Posted November 10th, 2010 in Uncategorized by Jeff Bentoff

Get nervous about talking to a reporter, especially if it’s for radio or TV? Thinking: “Will I sound stupid?” “What if I say a lot of ‘um’s” and ‘uh’s’?” “What if I stumble through my answers?”

Never fear. Thankfully, you likely will be rescued by the magic of editing.

I was reminded of this phenomenon by this great NPR piece about radio editing that re-aired on “On The Media.” The story referred to such editing as “radio magic.”

Reporters – print, TV and radio – will often, and usually unconsciously, help clean up your actual remarks. Why? Not necessarily because they want to help you. Mainly, because crisp, articulate interviews make for more compelling reading, listening or watching – and shorten the length of pieces.

This won’t be the case if you’re the president of the United States (think of the wide coverage in all media of verbal gaffs by presidents, such as George W. Bush) or if you were  just charged with a crime.
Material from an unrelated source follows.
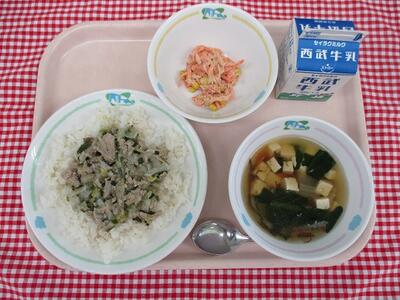 塩豚丼 牛乳 人参の胡麻マヨサラダ 豆腐ともずくのスープ

Assume under such circumstances, every poorly chosen word, every pause, every um, will be parsed and reported.

But for the average interviewee – a small business person or the director of a non-profit – other motivations are in play to make you sound halfway intelligent.

Of course, that doesn’t mean you should be careless when talking to reporters. As you hopefully learned growing up, you can’t assume that someone else will clean up your messes for you. But still, it might be of some comfort to know that the system conspires to avoid making you sound like a total idiot.

A print reporter will often either paraphrase a poorly worded answer or pull together the best parts to make a partial quote, a quote with ellipses or sometimes even a new quote.

On TV, assuming you’re not live, a reporter will let you give your answer again (unless it’s a “60 Minutes”-style interview) to avoid a jumbled sound bite that serves no one.

And on radio, it’s even easier to edit, as there’s no corresponding video to worry about. The On The Media piece is worth listening to online, especially if you’re an NPR listener. It might surprise you to hear how it’s done, and how often.

Just how do the reporters and interviewees always sound so good? Radio magic to the rescue.